Excuses for not installing GNU Parallel

Over the time I have seen people, who could benefit from using GNU Parallel, give excuses why they should not use GNU Parallel. I believe most of the reasons are based in a lack of due diligence: To avoid doing a little work now, they end up doing a lot of work later.

Here are the most popular excuses I have met so far:

“GNU Parallel is not installed everywhere”

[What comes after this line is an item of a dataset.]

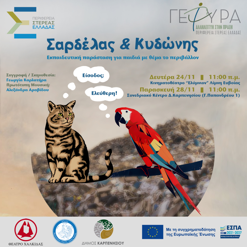 ΔΕΛΤΙΟ ΤΥΠΟΥ // ΠΕΡΙΦΕΡΕΙΑ ΣΤΕΡΕΑΣ ΕΛΛΑΔΑΣ: Εκπαιδευτική Παράσταση για παιδιά: «Σαρδέλας & Κυδώνης»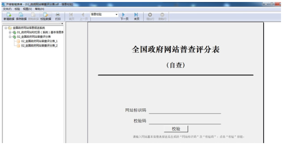 填報(bào)單位打開客戶端軟件,選取“全國(guó)政府網(wǎng)站普查評(píng)分表”并新建數(shù)據(jù),首先輸入“網(wǎng)站標(biāo)識(shí)碼”和“校驗(yàn)碼”,通過驗(yàn)證后,填寫該網(wǎng)站的自查評(píng)分信息并保存。

It is true that GNU Parallel is not installed everywhere. But it is designed to be extremely easy to install. We are literally talking a matter of seconds:

$ (wget -O - pi.dk/3 || lynx -source pi.dk/3 || curl pi.dk/3/ || \
  fetch -o - http://pi.dk/3 ) > install.sh
$ sha1sum install.sh | grep 67bd7bc7dc20aff99eb8f1266574dadb
12345678 67bd7bc7 dc20aff9 9eb8f126 6574dadb
$ md5sum install.sh | grep b7a15cdbb07fb6e11b0338577bc1780f
b7a15cdb b07fb6e1 1b033857 7bc1780f
$ sha512sum install.sh | grep 186000b62b66969d7506ca4f885e0c80e02a22
6f25960b d4b90cf6 ba5b76de c1acdf39 f3d24249 72930394 a4164351
93a7668d 21ff9839 6f920be5 186000b6 2b66969d 7506ca4f 885e0c80
e02a2244 40e8a43f
$ bash install.sh

Or if you want full control over the process: http://git.savannah.gnu.org/cgit/parallel.git/tree/README

“I do not have root access”

GNU Parallel does not require root access to do a personal installation, so you do not need root access to install it. Just do:

./configure --prefix=$HOME && make && make install

or:

$ (wget -O - pi.dk/3 || lynx -source pi.dk/3 || curl pi.dk/3/ || \
  fetch -o - http://pi.dk/3 ) > install.sh
$ sha1sum install.sh | grep 67bd7bc7dc20aff99eb8f1266574dadb
12345678 67bd7bc7 dc20aff9 9eb8f126 6574dadb
$ md5sum install.sh | grep b7a15cdbb07fb6e11b0338577bc1780f
b7a15cdb b07fb6e1 1b033857 7bc1780f
$ sha512sum install.sh | grep 186000b62b66969d7506ca4f885e0c80e02a22
6f25960b d4b90cf6 ba5b76de c1acdf39 f3d24249 72930394 a4164351
93a7668d 21ff9839 6f920be5 186000b6 2b66969d 7506ca4f 885e0c80
e02a2244 40e8a43f
$ bash install.sh

GNU Parallel can also be embedded in a shell script on a system that has GNU Parallel installed by doing this:

parallel --embed > newscript

Edit the end of newscript and copy newscript to the other system.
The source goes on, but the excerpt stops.